Senator Lawan expressed delight that the legislature was in harmony with the executive in ensuring good governance for Nigerians.
He said it was time to review the partnership between the two arms after 12 months.
“In fact, this relationship is misunderstood. Some, out of mischief they describe the National Assembly as rubber stamp. What is utmost in our minds as members of the National Assembly is how do we work with the executive to make Nigeria better.
“If the price to pay is the names that we get, then let it be the price, because we believe that Nigerians deserve better service, better infrastructure development in the country and it is difficult if not impossible in this country or indeed in any democracy without understanding and harmony in the way and manner the two arms of government work,” the lawmaker said.
Gbajabiamila on legislative/executive feud
Also in his speech, Speaker House of Representatives Femi Gbajabiamila blamed the frequent friction between the legislative and executive arms of government on misconception of roles of the parliament.

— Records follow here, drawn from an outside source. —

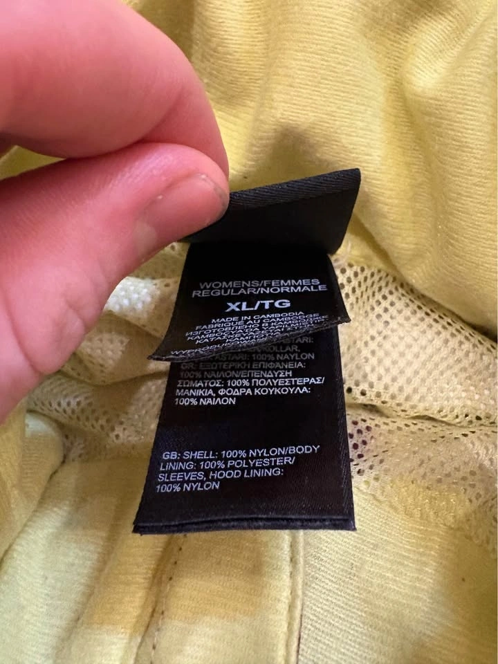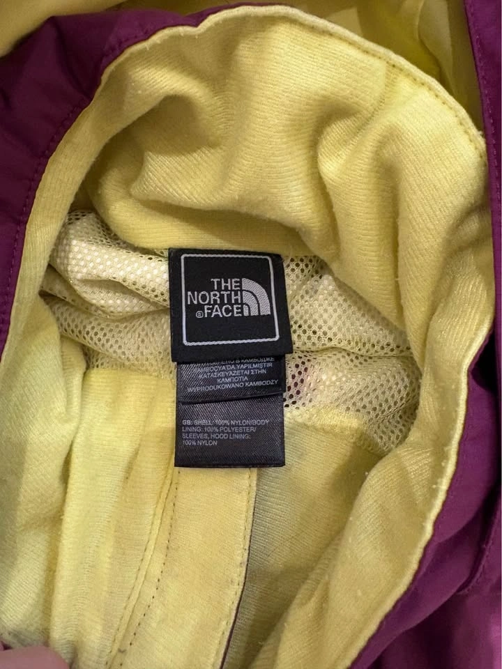 Lightweight The North Face jacket. Women's XL. Cool purple color with bright yellow lining. Has a hood and zippered pockets. Great for rainy days or just a light layer. Like new shape no rips or stains.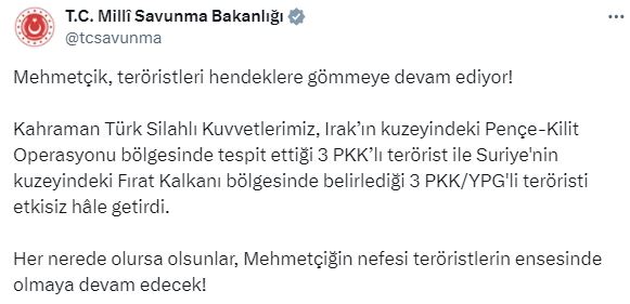 Bakanlığın sosyal medya hesabından yapılan açıklamada, “Kahraman Türk Silahlı Kuvvetlerimiz, Irakın kuzeyindeki Pençe-Kilit Operasyonu bölgesinde tespit ettiği 3 PKKlı terörist ile Suriyenin kuzeyindeki Fırat Kalkanı bölgesinde belirlediği 3 PKK/YPGli teröristi etkisiz hale getirdi. Her nerede olursa olsunlar, Mehmetçiğin nefesi teröristlerin ensesinde olmaya devam edecek” denildi.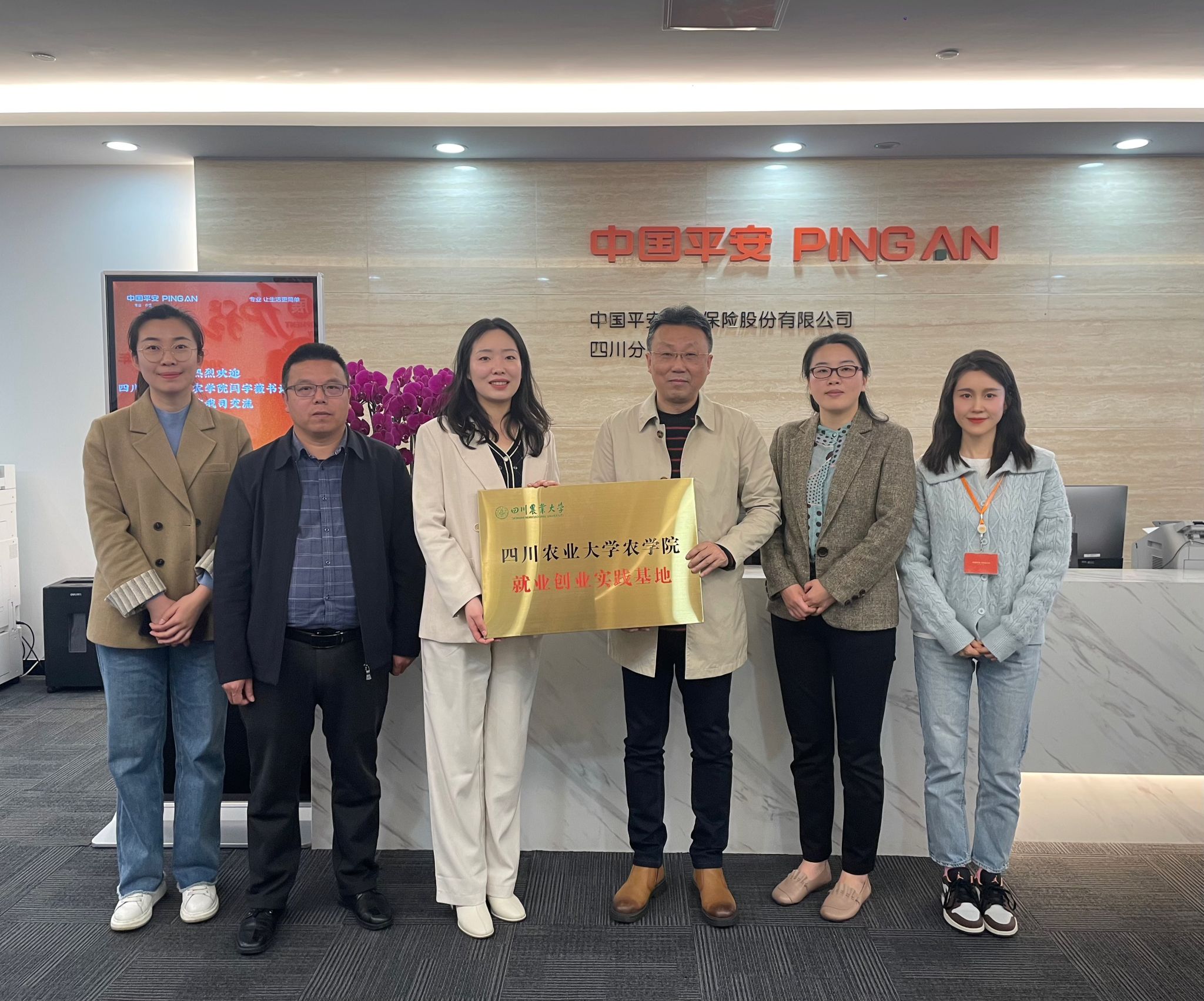 在交流过程中,闫宇薇首先对36365线路检测中心no1基本情况及毕业生情况作了简要介绍。雍太文以百年农学为题详细介绍了农学专业人才培养、科研团队、社会服务等建设情况。农险业务部总监曹阳对36365线路检测中心no1一行表示热烈欢迎,详细介绍了平安产险在农业保险领域的丰富经验和卓越成果,以及未来在农业保险产品开发、服务模式、人才储备等方面的战略规划,强调平安产险四川分公司与川农大有着深厚的渊源,截至目前有102名的在岗人员来自川农大,农险业务部更是有七成在岗人员来自川农大,为公司的发展作出了重要贡献,希望未来还能有更多川农大优秀学子加盟。人事行政部人事经理聂丹分享了平安产险在行业人才培养方面的理念和经验,特别是在吸引和培养农业保险领域专业人才方面的成功案例。双方就推动校企深度合作方面进行了讨论,在人才培养方面达成一致,将本着“优势互补、合作发展”的原则,以各类学生活动为载体共同为培养优秀的农学类人才贡献力量,定期派送学生前往平安产险四川分公司实习,促进双方的全方面合作。双方还就共建就业创业实践基地进行了现场签约并授牌。

The speaker said attempt by the parliament to strictly adhere to its legislative responsibilities often leads to friction with the executive, especially on the constitutional responsibility of oversight of government’s Ministries, Departments and Agencies (MDAs).
To address the issue, he said a better understanding of the legislature and its constitutional duties and the dissemination of legislative activities by the Nigerian media would enable Nigerians to appreciate their representatives more, as well as have a full grasp of issues at stake from an informed position.

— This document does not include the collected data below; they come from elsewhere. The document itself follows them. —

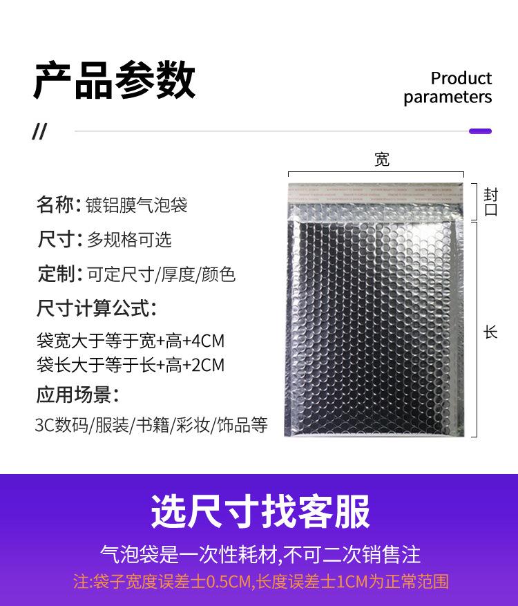 Bolsa de Burbujas de Película Aluminizada Plateada Engrosada Bolsa Autoadhesiva Embalaje a Prueba de Luz Ropa Bolsa de Embalaje Express Bolsa de Espuma Venta al por Mayor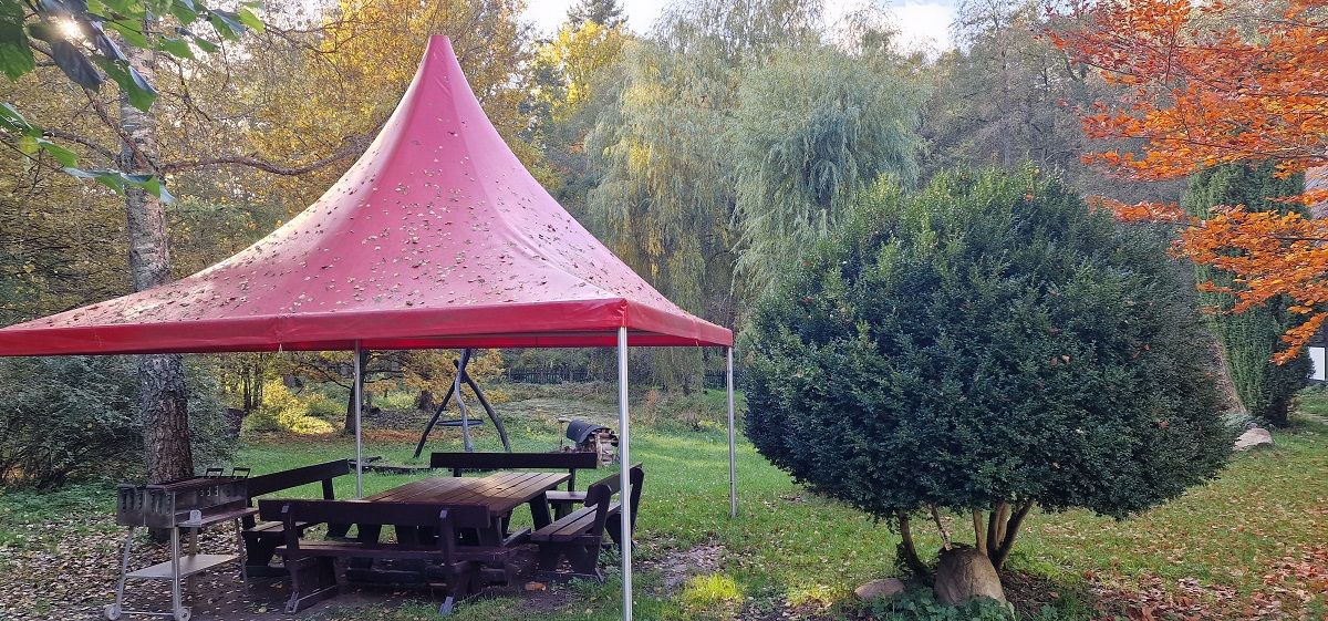 Die Alte Oberförsterei: inmitten von urwüchsiger pommerscher Landschaft lädt sie ein zum Abschalten und Entspannen. Waldluft, sauberes Wasser und unendliches Grün. 7750 Quadratmeter Privatland umgeben das Forsthaus und sorgen für Ruhe und Abgeschiedenheit. Der Forsthof steht, mit Ausnahme des privaten Wirtschaftteils, den Gästen zur Verfügung. Vor dem Forsthaus bieten ein Volleyballnetz, eine Schaukel und eine Wiese die Möglichkeiten sportlicher Aktivität. Im Forstgarten befinden sich die Feuerstelle, ein artesischer Brunnen und ein Teich. Ein kleiner Fluss am Ende des Gartens lädt zum Baden und zum Angeln ein. |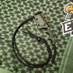 Each Minimalist comes with a custom-fitted glass-filled nylon sheath and neck paracord for inverted carry as a neck knife. The knife is held securely in place by a positive detent which locks the base of the blade in place for maximum safety.

He said as long as the nation’s system of government rests upon a partnership between the two arms, the most important of their functions is the obligation to check and balance each other.
Presenting an address on building effective partnership for good governance and delivery of government’s priority agenda, Gbajabiamila said for the delivery of good governance, legislative oversight must not be seen as an attempt to usurp the authority of the executive, but instead, a good effort at ensuring that the government lives up to its obligations under the law.
“The misconception of the legislative function in a democracy is one of the biggest threats to effective cooperation between the Executive and the Legislature.
“One of the greatest of such misconceptions is that the Legislature exists only to make laws. The media and indeed large sections of the public assess the performance of individual legislators against this index of the number of bills sponsored and passed into law,” he said.